Unraveling the Iterations:
The real magic happens as we progress through each iteration, witnessing the interplay between the left and right displays. Let’s break down the second iteration:
- Iteration Continues: The process unfolds, and the left and right displays evolve accordingly.
- Initial Minimum: Reset to the first element of the unsorted portion (60).
- Updated Minimum: Now identified as 45.
- Swap Operation: Another swap takes place, maintaining the ascending order of the list.

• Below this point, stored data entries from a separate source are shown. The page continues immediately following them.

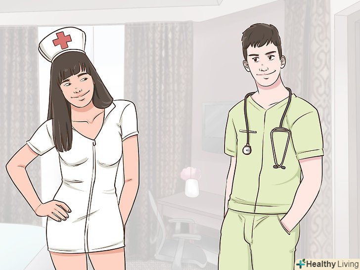 Приміряйте костюми. костюми допоможуть краще вжитися в свою роль і зробити гру більш живою і реалістичною. Залежно від типу рольової гри, яку ви вибрали, костюми можуть варіюватися від сексуальної нижньої білизни до одягу лікаря або медсестри. [7]- Найкраще почати з простих костюмів. Наприклад, можна просто надіти перуку або поекспериментувати з макіяжем.
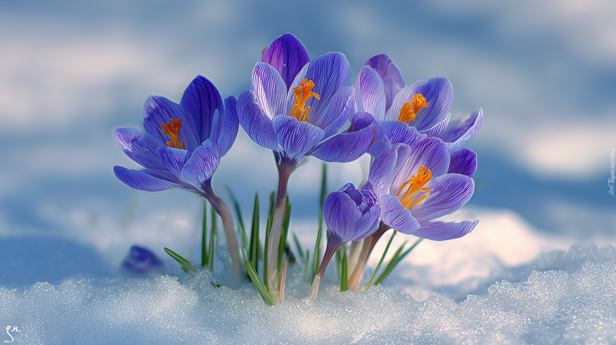Edytor tapety: Kępka fioletowych rozkwitniętych krokusów w śniegu
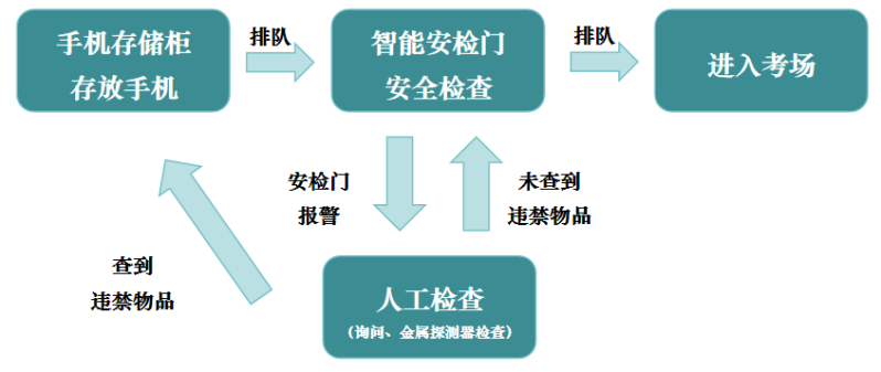 2.考生到达考点后,应首先将手机等不得带入考点(或考点封闭区域)的小件物品放置在手机存放区,在工作人员的引导下有序排队通过智能安检门进行安检,安检通过后即可前往对应考场。
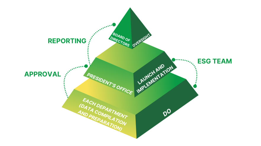 ANPEC has established a “Sustainable Development Best Practice Principles”, and formed an “ESG Group” composed of representatives from the President’s Office and various departments. The ESG Group is led by the Executive Vice President, who serves as the convener. Together, they collaboratively promote matters related to sustainable development. A quarterly report on the progress of GHG inventory and verification is regularly submitted to the Board of Directors. In addition, the overall implementation status of sustainable development is reported to the Board of Directors at the end of each year. In 2024, the Board of Directors approved the internal control system for sustainability information management, thereby strengthening the Board’s supervisory mechanism over sustainability-related information. At the same time, the Company officially started the preparation of the sustainability report in 2024. The Sustainability Report Preparation Team is responsible for compiling and editing the report, which is then reviewed and revised by the department heads of the preparation team. Afterward, it will be submitted to the President and Chairman for review, and once approved by the Board of Directors, the final version will be published. ANPEC, along with its governance body, continues to monitor international trends, customer and supplier demands, and government-released climate change information. In order to more effectively manage the potential impact of climate change and sustainability supply chain issues on operations, the Company will continuously review, assess, and adjust its climate sustainability governance policies.
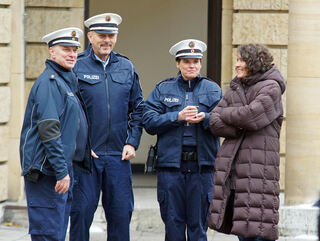Kollegen unter sich: Ulrike Folkerts mit Darstellern von Polizeibeamten.
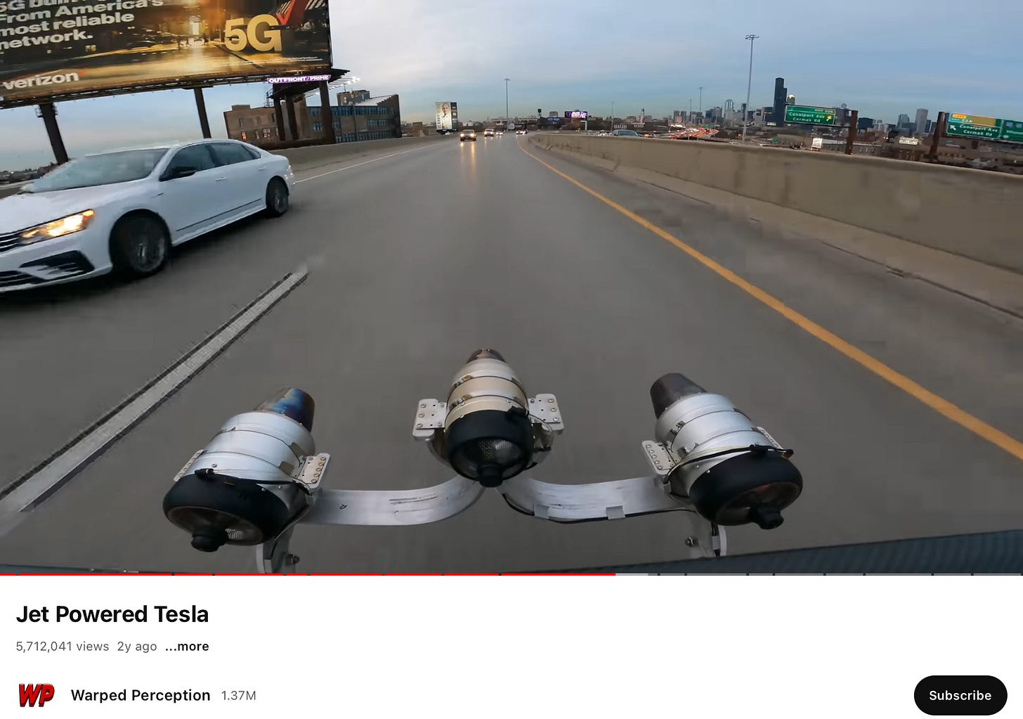 他开着装有三个喷气式引擎的 Tesla 车上了高速公路。这很容易出问题,需要很高的安装和控制技术才敢上路。我觉得一个人很难做到。喷气式引擎发出巨大的噪音,居然没被蹲点的警察发现并拦下来?这不大可能。你不觉得他是有特权的吗?只有 Matrix 可以有这样的特权,警察也只能配合他们拍片。

Significance of Displays and Minimum Values:
The left and right displays serve as a visual aid, allowing us to witness the list’s transformation at each stage. Meanwhile, the initial and updated minimum values play a crucial role in determining when to perform a swap. This decision-making process ensures that the smallest unsorted element finds its rightful place in the sorted portion of the list.
Conclusion:
By peeling back the layers of Selection Sort and understanding the output’s nuances, we gain valuable insights into how the algorithm systematically organizes elements. The left and right displays provide a clear picture of the algorithm’s progress, while the initial and updated minimum values guide its decision-making. Armed with this knowledge, you’re better equipped to appreciate the elegance of Selection Sort.